Jeremias en Nicolaas zouden tot hun dood (in 1784 en 1777)
in het huis blijven wonen. Jeremias heeft 54 jaar en Nicolaas 47 jaar
plezier gehad van hun ‘cieraad’. De molen met de
daaromheen gevleide woningen deden ze bij leven over aan hun zoons
Gijsbrecht (1768) en Johannis (1781), ieder de helft. Zij woonden met
hun gezinnen ook in de molenaarswoning.
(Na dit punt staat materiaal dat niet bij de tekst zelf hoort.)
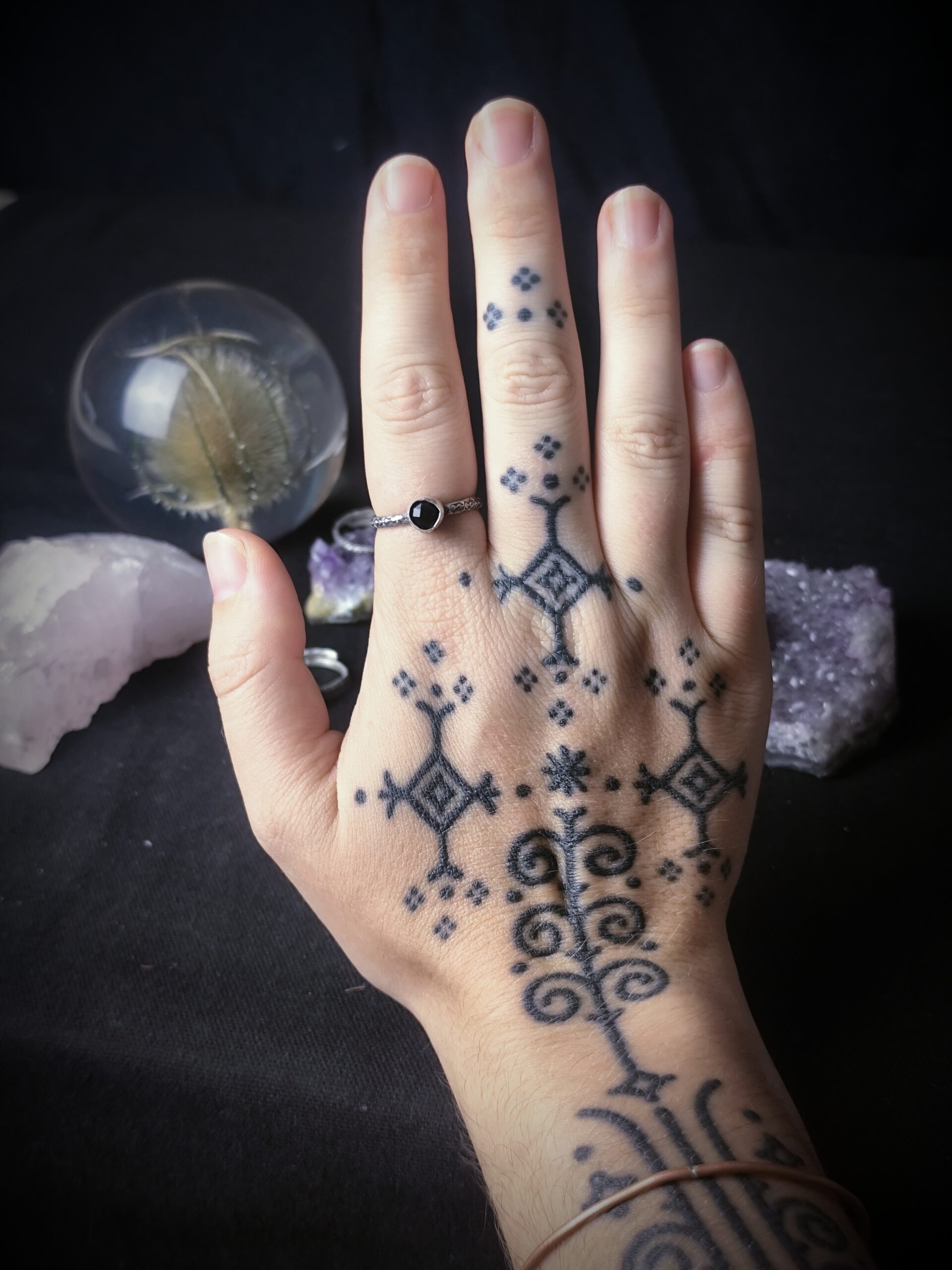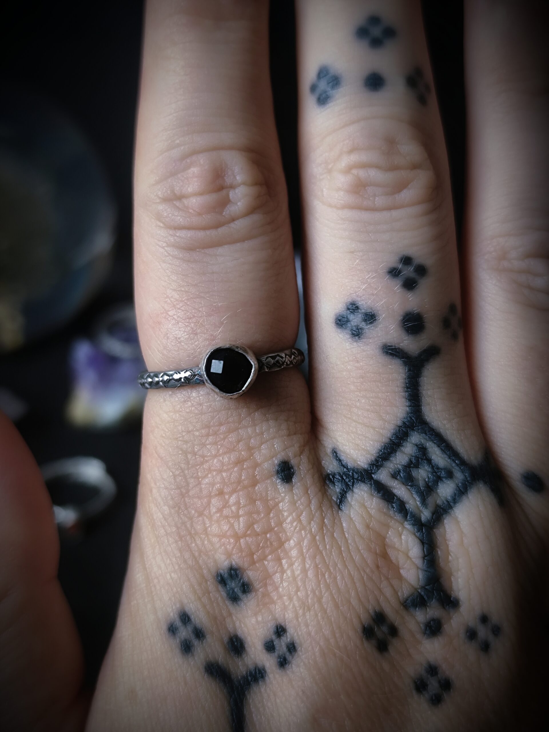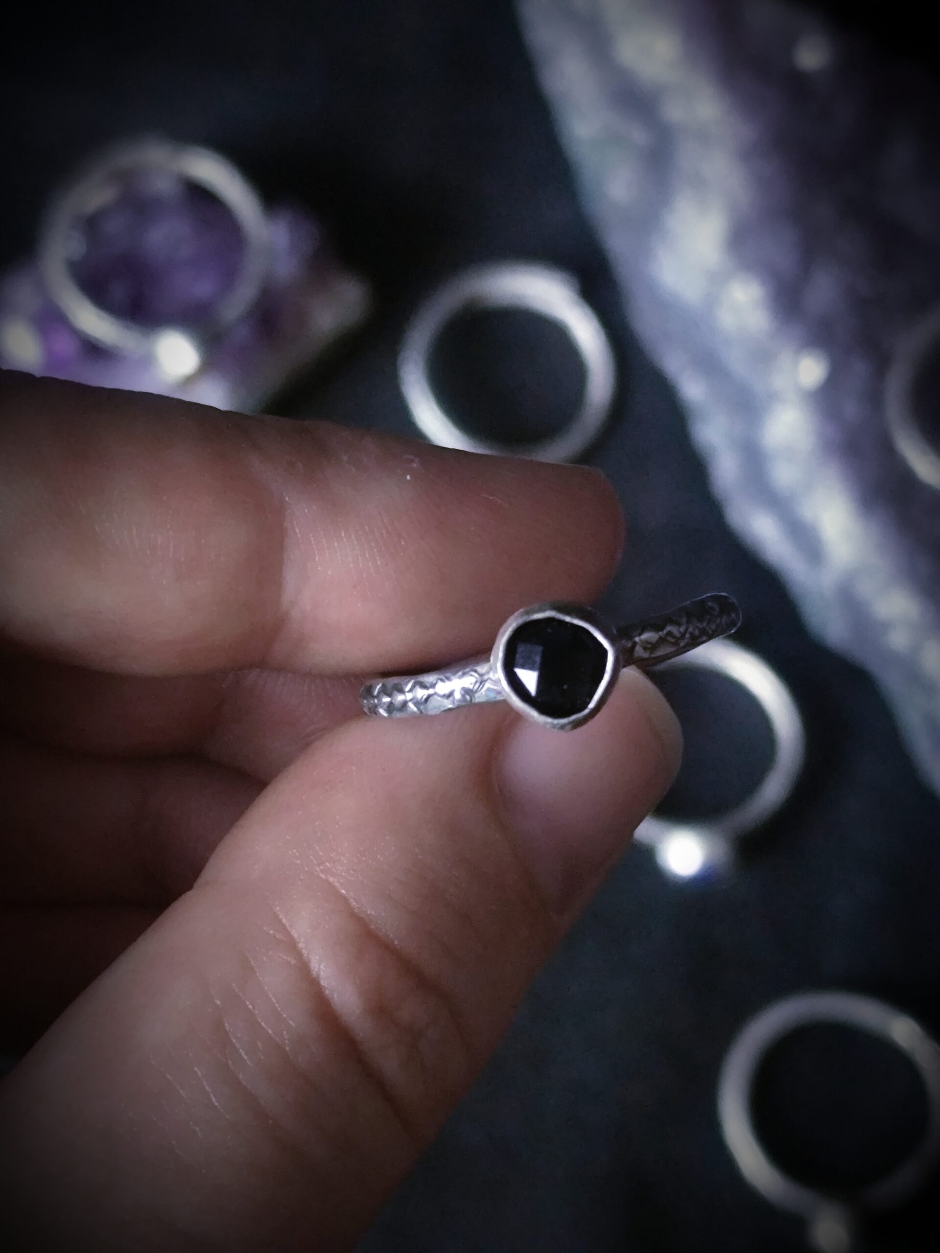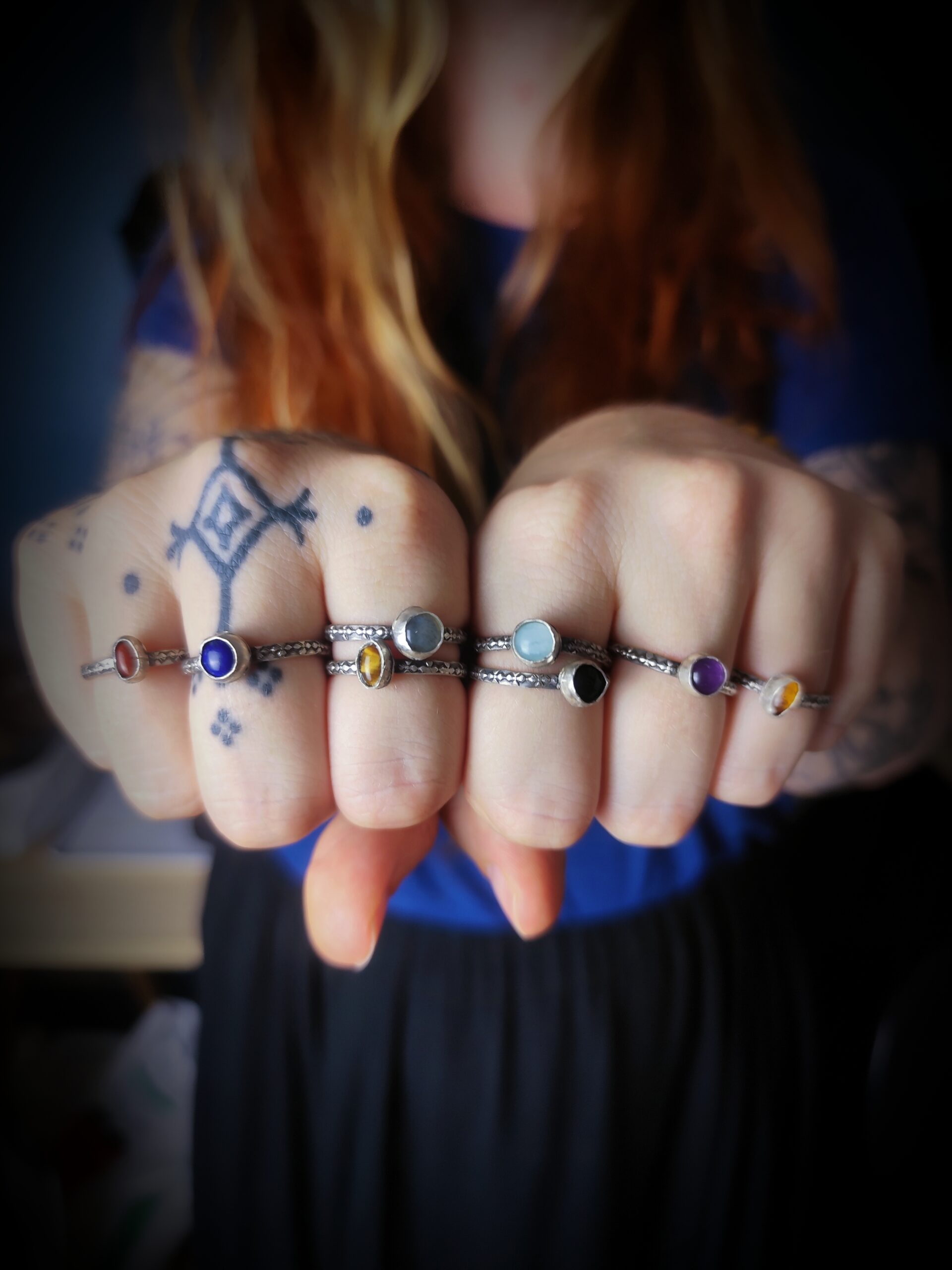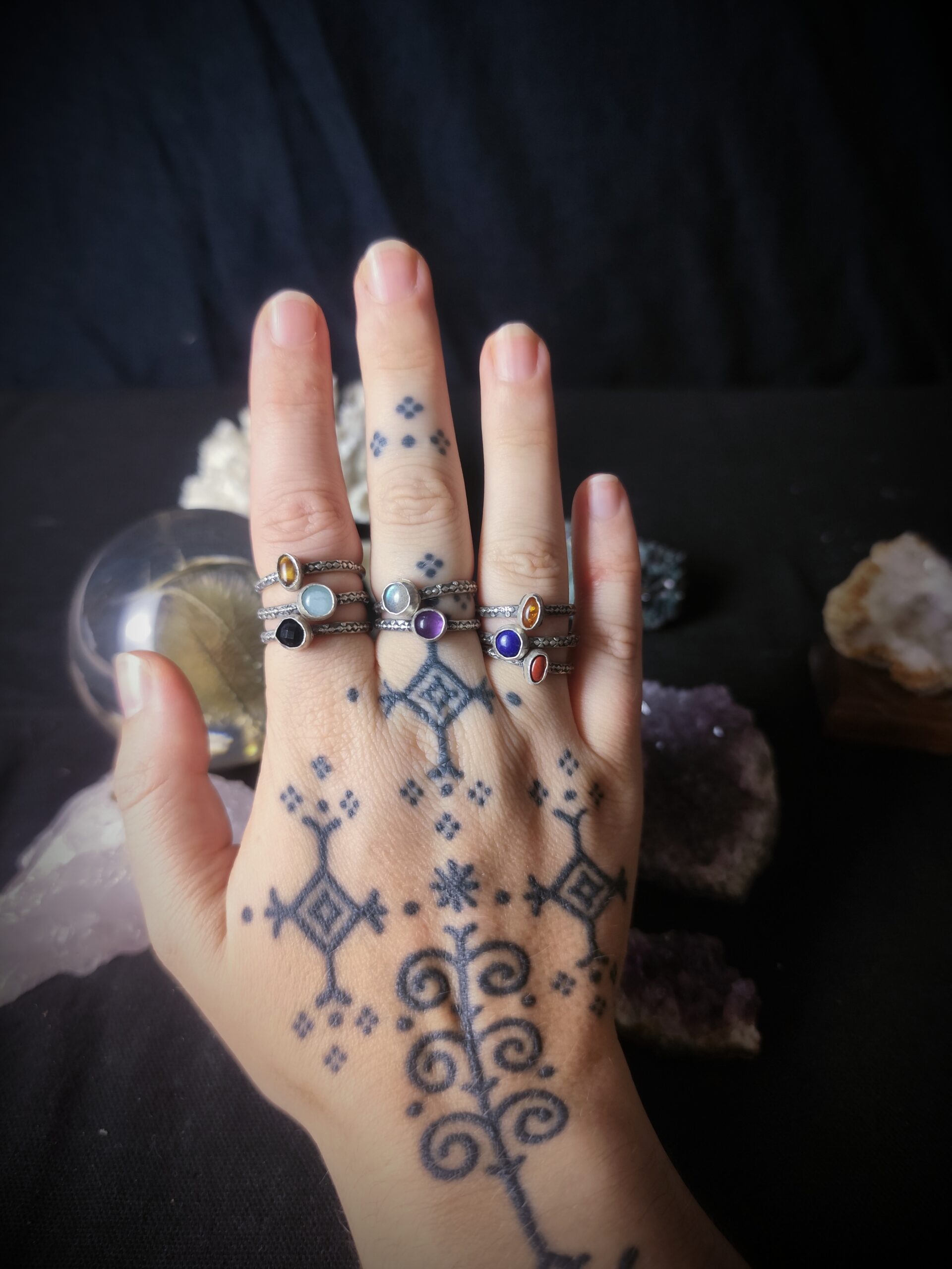 Ces bagues portent les marques du vrai : une trace d’outil, une courbe irrégulière, un sertissage légèrement de travers… Autant de petites empreintes qui témoignent de leur création à la main, avec cœur et patience. Autrefois, j’aurais vu ces détails comme des défauts ; aujourd’hui, je les considère comme la signature du vivant. Elles sont parfaitement imparfaites, un peu comme moi, et comme toi peut-être ?
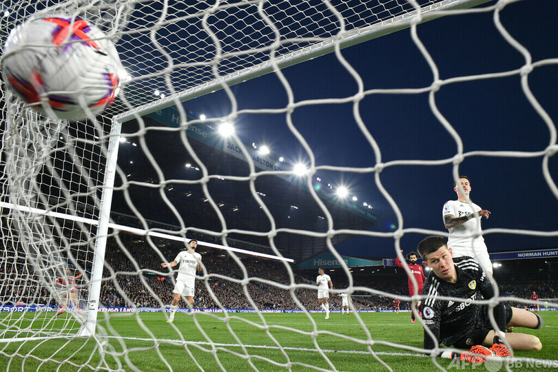 【5月2日 AFP】22-23イングランド・プレミアリーグ、リーズ・ユナイテッド(Leeds United)対リバプール(Liverpool FC)戦でリバプールのオランダ人ストライカー、コーディ・ガクポ(Cody Gakpo)が放ったシュートがゴールネットを揺らす様子を見つめるリーズ・ユナイテッドのフランス人GK、イラン・メリエ(Illan Meslier)。リーズ(Leeds)のホームスタジアム、エランド・ロード(Elland Road)で。(c)AFP
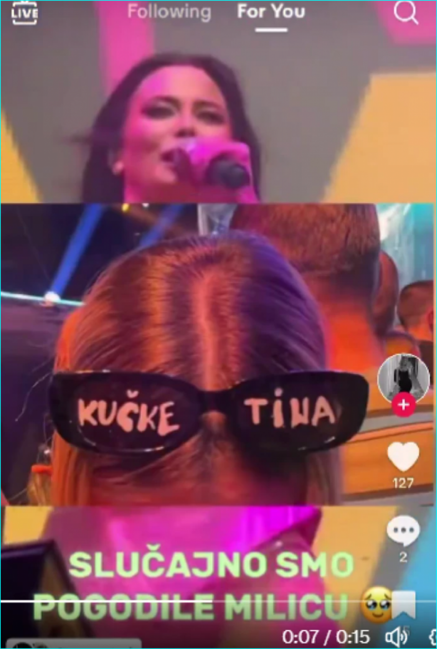 Devojke iz publike su na naočarima napisale "k*čketina", što je naziv Miličine pesme sa poslednjeg albuma, i pevačici ovo bacile.

Gijsbrecht was getrouwd met
Magteld Dekker(s), Johannis met Jannetje van der Beek.
Chaos
onder de familie de Raad
Tot het vierde kwart van de 18e eeuw waren de
meeste knechts zonen van de molenaars. De enige uitzondering daarop in
de database van Delflandse Korenmolenaars- en knechten 1711 –
1805 vormt Hendrik de Raad. Hij legde op 23 april 1751 de molenaarseed
af als knecht op molen De Roos en leerde daar molenaarsdochter Maria
Kouwenhoven kennen. Zij trouwden mei 1754 beiden wonend in de molen.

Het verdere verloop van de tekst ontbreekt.